Question 15. A class has 15 students whose ages are 14, 17, 15, 14, 21, 17, 19, 20, 16, 18, 20, 17, 16, 19 and 20 years. If X denotes the age of a randomly selected student, find the probability distribution of X. Find the mean and variance of X.
Answer:
Solution:

x (Age)	No. of students	p	xp	x2p
14	2	\( \frac{2}{15} \)	\( \frac{28}{15} \)	\( \frac{392}{15} \)
15	1	\( \frac{1}{15} \)	\( \frac{15}{15} \)	\( \frac{225}{15} \)
16	2	\( \frac{2}{15} \)	\( \frac{32}{15} \)	\( \frac{512}{15} \)
17	3	\( \frac{3}{15} \)	\( \frac{51}{15} \)	\( \frac{867}{15} \)
18	1	\( \frac{1}{15} \)	\( \frac{18}{15} \)	\( \frac{324}{15} \)
19	2	\( \frac{2}{15} \)	\( \frac{38}{15} \)	\( \frac{722}{15} \)
20	3	\( \frac{3}{15} \)	\( \frac{60}{15} \)	\( \frac{1200}{15} \)
21	1	\( \frac{1}{15} \)	\( \frac{21}{15} \)	\( \frac{441}{15} \)
Total			\( \frac{263}{15} \)	\( \frac{4683}{15} \)

E(X) \( = \Sigma xp = \frac{263}{15} = 17.53 \)
V(X) \( = \Sigma x^2p - (\Sigma xp)^2 \)
\( = \frac{4683}{15} - (\frac{263}{15})^2 \)
\( = \frac{4683}{15} - \frac{69169}{225} \)
\( = \frac{70245 - 69169}{225} \)
\( = \frac{1076}{225} = 4.78 \)
SD(X) \( = \sqrt{V(X)} = \sqrt{4.78} = 2.18 \)
In simple words: This question asks us to find the probability distribution of ages in a class, along with the average age (mean) and the spread of ages (variance). We calculate the probability for each age by dividing the count of students of that age by the total number of students, then use these probabilities to find the mean and variance.

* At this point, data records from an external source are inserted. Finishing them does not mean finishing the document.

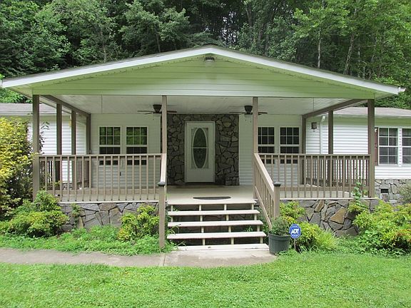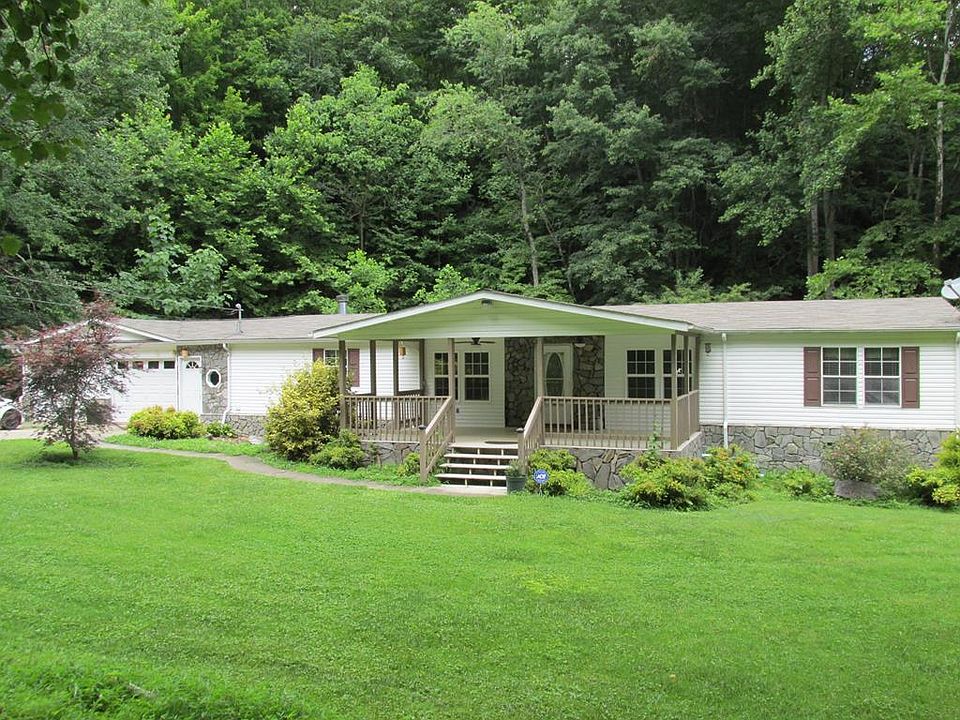 Large manufactured home that doesn't live like a doublewide. Previous owners added an oversized two car garage along with enlarging the living area. New kitchen appliances. Two gas log fireplaces. Home security system. House sits right beside Nations Creek, with a deck spanning the creek. New roof in 2018. Circle driveway, one side concrete the other gravel. Large covered front porch and large deck in back with a private picnic/horseshoe/cornhole area. Large flat yard, plenty or room for a garden. Great location, less than ten minutes from Sylva, Cherokee or Bryson City!
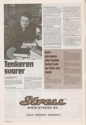 ikke bare feil, den er tåpelig. Når man for ek sempel ser inn i sin elskedes øyne lever man autentisk i ordets rette forstand, seiv om det selvfølgelig ikke er døden man ser i dem. Døden er allikevel en stor del av livet? - Ja, lengden vi har igjen av livene våre er for eksempel avgjørende for hvordan vi plan legger dem. Jeg som er i 40-årene legger andre planer enn du som er i 20-årene. Banker og forsikringsselskaper skjeler jo også sterkt til slike detaljer. Men når døden fører til ingenting, eksisterer den egentlig da? - Ja, den eksisterer og fører til at vi ikke eksisterer lenger. Selve tilstanden av ikke-eksis tens er ikke noe problem. Den er bare ingenting, og det var vi også før vi ble født. Det er tapet av livet og følgelig det at vi slutter å være til som subjekter som er det onde. Det er erkjennelsen av dette som gjør døden til en så skjellsettende og problematisk hendelse. Er det ingen vei ut av dette uføret? - I en viss forstand har man muligheten til å tre inn i andres liv gjennom ens verk eller handlinger. Arkitekter, kunstnere, filosofer og andre gjør jo det i en viss grad. Men hvis man ikke er Michelangelo eller Pla ton? - Også mentalt kan man leve videre i andres liv. Ens psykiske tilstander, som f.eks idéer, kan bli til andres psykiske tilstander. Men det blir vel en fattig trøst så lenge det ikke er ens eget seiv som bærer dem videre. Hvordan lever du med døden, da? - Døden er som dårlig vær. Jeg liker den ikke, men må jo håndtere den allikevel. 0
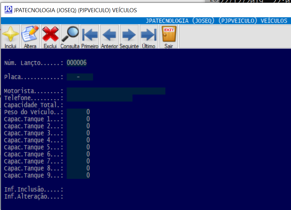 LOCAL midVeiculo, mvePlaca, mveMotori, mveTelefone, mveCapacTot, mveCapac1, mveCapac2, mveCapac3

🎯 Exam Tip: When calculating mean and variance from a frequency distribution, ensure all probabilities sum to 1. Double-check calculations involving fractions or decimals, especially when squaring the mean for variance.

 

Question 16. 70% of the member's favour and 30% oppose a proposal in a meeting. The random variable X takes the value 0 if a member opposes the proposal and the value 1 if a member is in favour. Find E(X) and V(X).
Answer:
Solution:

x	p	xp	x2	x2p
0	0.3	0	0	0
1	0.7	0.7	1	0.7
Total		0.7		0.7

E(X) \( = \Sigma xp = 0.7 \)
V(X) \( = \Sigma x^2p - (\Sigma xp)^2 \)
\( = 0.7 - (0.7)^2 \)
\( = 0.7 - 0.49 \)
\( = 0.21 \)
In simple words: This problem calculates the expected value and variance for a binary random variable representing a proposal vote. With 70% favoring (X=1) and 30% opposing (X=0), the expected value is simply the probability of favoring, and the variance measures the spread of these outcomes.

🎯 Exam Tip: For simple Bernoulli distributions like this, remember that E(X) = p and V(X) = p(1-p). This can be a quick check for your calculations or a shortcut if the question allows.